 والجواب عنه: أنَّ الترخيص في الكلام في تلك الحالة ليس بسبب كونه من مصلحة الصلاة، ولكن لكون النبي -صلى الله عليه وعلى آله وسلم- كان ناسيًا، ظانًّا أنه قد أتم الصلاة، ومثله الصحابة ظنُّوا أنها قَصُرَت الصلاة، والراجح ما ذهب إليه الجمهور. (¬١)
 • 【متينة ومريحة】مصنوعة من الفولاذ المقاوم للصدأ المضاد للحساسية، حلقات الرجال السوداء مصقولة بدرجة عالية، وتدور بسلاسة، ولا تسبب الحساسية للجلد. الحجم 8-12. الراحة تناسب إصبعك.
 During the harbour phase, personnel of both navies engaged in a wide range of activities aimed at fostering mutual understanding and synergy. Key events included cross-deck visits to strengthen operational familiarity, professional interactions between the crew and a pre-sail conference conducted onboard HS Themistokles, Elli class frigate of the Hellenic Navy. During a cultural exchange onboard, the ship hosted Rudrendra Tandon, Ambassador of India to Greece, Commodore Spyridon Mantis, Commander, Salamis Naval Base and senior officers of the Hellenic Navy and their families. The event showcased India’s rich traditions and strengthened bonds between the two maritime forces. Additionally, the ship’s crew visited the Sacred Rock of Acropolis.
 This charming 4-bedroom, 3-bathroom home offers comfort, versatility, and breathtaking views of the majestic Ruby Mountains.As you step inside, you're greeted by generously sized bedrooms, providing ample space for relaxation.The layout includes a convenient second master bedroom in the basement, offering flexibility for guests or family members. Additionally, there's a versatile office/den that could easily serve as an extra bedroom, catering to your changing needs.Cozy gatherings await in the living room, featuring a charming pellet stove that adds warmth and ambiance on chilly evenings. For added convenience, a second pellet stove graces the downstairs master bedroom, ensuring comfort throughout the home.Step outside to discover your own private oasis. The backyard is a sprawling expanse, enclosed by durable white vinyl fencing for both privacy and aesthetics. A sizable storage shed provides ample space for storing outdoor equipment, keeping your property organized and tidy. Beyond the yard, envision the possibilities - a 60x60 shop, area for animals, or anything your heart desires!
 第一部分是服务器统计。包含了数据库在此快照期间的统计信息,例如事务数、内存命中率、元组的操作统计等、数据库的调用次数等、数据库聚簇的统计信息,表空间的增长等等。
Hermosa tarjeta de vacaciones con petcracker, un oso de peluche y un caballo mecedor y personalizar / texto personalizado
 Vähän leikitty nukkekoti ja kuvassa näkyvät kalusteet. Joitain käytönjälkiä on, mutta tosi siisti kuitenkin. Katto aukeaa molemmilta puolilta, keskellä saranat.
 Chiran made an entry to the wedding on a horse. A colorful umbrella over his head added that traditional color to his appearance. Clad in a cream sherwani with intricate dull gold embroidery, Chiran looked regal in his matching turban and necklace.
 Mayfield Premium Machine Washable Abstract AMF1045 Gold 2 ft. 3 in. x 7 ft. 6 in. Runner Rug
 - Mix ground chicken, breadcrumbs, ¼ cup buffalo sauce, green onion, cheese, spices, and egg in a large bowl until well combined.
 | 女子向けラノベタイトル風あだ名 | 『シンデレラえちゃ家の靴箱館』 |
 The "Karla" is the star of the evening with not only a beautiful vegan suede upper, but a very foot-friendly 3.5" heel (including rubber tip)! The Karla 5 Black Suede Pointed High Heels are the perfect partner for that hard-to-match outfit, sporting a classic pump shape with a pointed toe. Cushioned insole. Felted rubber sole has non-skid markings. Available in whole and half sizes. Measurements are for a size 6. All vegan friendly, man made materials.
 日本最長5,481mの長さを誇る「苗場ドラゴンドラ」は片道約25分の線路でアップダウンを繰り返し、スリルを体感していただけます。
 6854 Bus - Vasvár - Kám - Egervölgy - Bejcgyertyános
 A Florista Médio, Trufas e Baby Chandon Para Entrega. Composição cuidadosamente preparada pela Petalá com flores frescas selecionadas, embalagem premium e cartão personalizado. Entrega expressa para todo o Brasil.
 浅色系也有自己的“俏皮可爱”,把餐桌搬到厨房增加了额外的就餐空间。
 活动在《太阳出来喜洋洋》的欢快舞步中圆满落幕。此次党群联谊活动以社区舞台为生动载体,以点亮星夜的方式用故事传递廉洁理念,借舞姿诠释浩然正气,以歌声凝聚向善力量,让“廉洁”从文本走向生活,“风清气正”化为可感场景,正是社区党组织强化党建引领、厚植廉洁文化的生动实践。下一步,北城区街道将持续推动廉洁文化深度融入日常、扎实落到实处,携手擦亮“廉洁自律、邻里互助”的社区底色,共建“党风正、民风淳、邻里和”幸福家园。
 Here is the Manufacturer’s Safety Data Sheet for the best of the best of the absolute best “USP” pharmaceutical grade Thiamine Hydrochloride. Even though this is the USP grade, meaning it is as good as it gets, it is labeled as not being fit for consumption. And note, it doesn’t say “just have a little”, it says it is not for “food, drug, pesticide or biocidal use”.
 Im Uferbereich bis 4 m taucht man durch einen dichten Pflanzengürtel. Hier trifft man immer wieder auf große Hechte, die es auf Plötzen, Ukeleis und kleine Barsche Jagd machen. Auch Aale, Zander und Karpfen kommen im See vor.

=====

WHAT IS NEEDED → Output the lines above exactly, but only those between the line holding "女子向けラノベタイトル風あだ名 | 『シンデレラえちゃ家の靴箱館』 |" and the line holding "A Florista Médio, Trufas", inclusive.

TASK SOLUTION →
 | 女子向けラノベタイトル風あだ名 | 『シンデレラえちゃ家の靴箱館』 |
 The "Karla" is the star of the evening with not only a beautiful vegan suede upper, but a very foot-friendly 3.5" heel (including rubber tip)! The Karla 5 Black Suede Pointed High Heels are the perfect partner for that hard-to-match outfit, sporting a classic pump shape with a pointed toe. Cushioned insole. Felted rubber sole has non-skid markings. Available in whole and half sizes. Measurements are for a size 6. All vegan friendly, man made materials.
 日本最長5,481mの長さを誇る「苗場ドラゴンドラ」は片道約25分の線路でアップダウンを繰り返し、スリルを体感していただけます。
 6854 Bus - Vasvár - Kám - Egervölgy - Bejcgyertyános
 A Florista Médio, Trufas e Baby Chandon Para Entrega. Composição cuidadosamente preparada pela Petalá com flores frescas selecionadas, embalagem premium e cartão personalizado. Entrega expressa para todo o Brasil.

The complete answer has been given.